Runners know building endurance and speed takes more than just logging miles. Strength training is extremely beneficial for runners, as it increases muscle strength and power while helping to prevent injuries. Cross country athletes need to strengthen their legs, core, and upper body when hitting those hilly and uneven courses. To prevent muscle fatigue in that final stretch of a 5K, runners need to also incorporate strength training to their weekly training.
However, it can be overwhelming to know where to start in the gym or at home. We broke down the major muscle groups needed to train for building endurance and speed, along with exercises for injury prevention, this season. Here are the best strength training tips for cross country runners who want to take their performance to the next level.

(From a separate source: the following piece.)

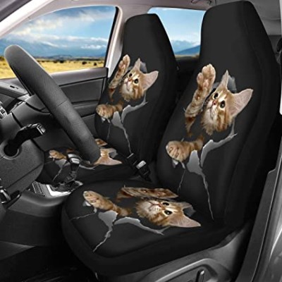 JEOCODY 3D Cat Kitten Front Car Seat Covers

1. Core Strength for Stability
To be a strong runner, athletes need a strong core. The abs, obliques, and lower back muscles keep runners upright and stabilize their stride. For this reason, the core is the foundation of efficient running. Without strong core muscles, runners can have poor posture, which can slow them out and cause fatigue and even injuries.
To strengthen the core, do the following exercises:
- Planks (front and side planks for 30–60 seconds)
- Russian Twists (with or without a medicine ball or dumbbell)
- Dead Bugs and Bird Dogs (for stability and coordination)
Aim to get in at least two core sessions per week.
2. Building Strong Legs
Cross country athletes need strong legs to power up hills and surge to the finish line of a 5k. Running is an activity that strengthens leg muscles, but adding strength work can further build endurance. Runners don’t need to use heavy weights to build leg strength. However, using dumbbells or a barbell for squats and RDL (Romanian deadlifts) help to strengthen the trunk. Bodyweight and light resistance are enough to build strong legs without the need of equipment.
Try these leg exercises for building endurance and speed:
- Squats (bodyweight or goblet squats with a dumbbell)
- Lunges (forward, reverse, and walking lunges)
- Step-Ups (onto a bench or box to mimic uphill running)
- Calf Raises (to strengthen lower legs and prevent shin splints)
Perform two to three sets of 10–15 reps, twice a week.
3. Upper Body Exercises
Running does work the muscles of the entire body, but is predominantly lower-body dominant. However, runners know how important driving the arms are during surges. The arms also play a role in driving rhythm and maintaining form.
Perform these runner-specific upper-body exercises:
- Push-Ups
- Pull-Ups or Resistance Band Rows (for back and shoulders)
- Overhead Press (use light dumbbells for shoulder strength)
Two short upper-body sessions per week are ideal. These can be done on the same day of core and leg strength exercises for a full body workout or on its own.
4. Plyometric Drills for Speed
Plyometrics are explosive exercises that improve running economy, stride power, and turnover. These exercise are all about generating force, which cross country runners need when running hills.
Try these plyometric drills:
- Jump Squats
- Bounding or Skipping Drills
- Box Jumps
- Single-Leg Hops
To avoid injury, focus on having good form. Athletes must land softly to avoid putting too much stress on joints. Start small with just one session per week.
5. Strength Training for Injury Prevention
Runners want to become stronger with strength training, but injury prevention is another main objective. Common injuries for cross country athletes include shin splints, IT band syndrome, and knee pain. Strength training helps prevent these injuries by balancing muscle groups and reinforcing tendons and ligaments.
Some injury-prevention moves include:
- Hip Bridges and Clamshells (to strengthen hips and glutes)
- Single-Leg Deadlifts (for hamstring stability)
- Ankle Band Walks (to protect knees and ankles)
Add these moves twice a week to workouts to help reduce the risk of injury.